11/15/2025
I have been working with this teenage part of me in therapy and she is really starting to speak up. She is the one who grew up feeling too much for one parent and not enough for the other. And honestly, when I look back, of course that would confuse any kid. You end up constantly scanning the room wondering who you need to be in order to feel safe.
So I learned to mask without even realizing it. Shrink myself in one moment. Shine a little brighter in another. Try to be agreeable here. Try to be impressive there. Just trying to get it right.
And even now as an adult, I can see how that shows up. That little question in the back of my mind. Am I being too much. Am I not enough. Should I shift a little so everyone stays comfortable.
But something really softened for me this week. I realized that showing up differently is not the same as hiding. It does not mean I am abandoning myself. It just means I am choosing which part of me steps forward. And when that choice comes from self, it is still me. Fully me.

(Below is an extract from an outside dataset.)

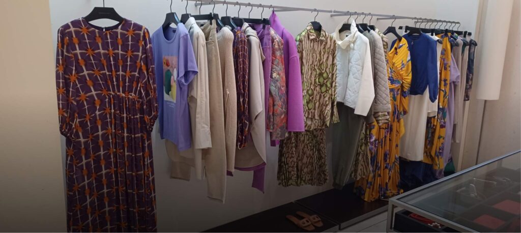 Bolsos y prendas de vestir de diseño propio para hombre y mujer en elegantes tiendas de moda y complementos.

I made this collage after therapy and it honestly felt so healing. Seeing all these versions of myself together. The tired ones. The excited ones. The creative ones. The overwhelmed ones. The playful ones. The ones who still need reassurance. Every single one of them trying to protect me in their own way.
And it reminded me that nothing about me has ever been too much or not enough. I was just adapting. And now I get to be flexible in a healthy way. Soft when I need softness. Strong when I need strength. Quiet when that feels right. Loud when my heart wants to be loud. Still me. Always me.
If you are meeting your own parts again or slowly taking off old masks, I am right here with you. It is tender work. And it is powerful.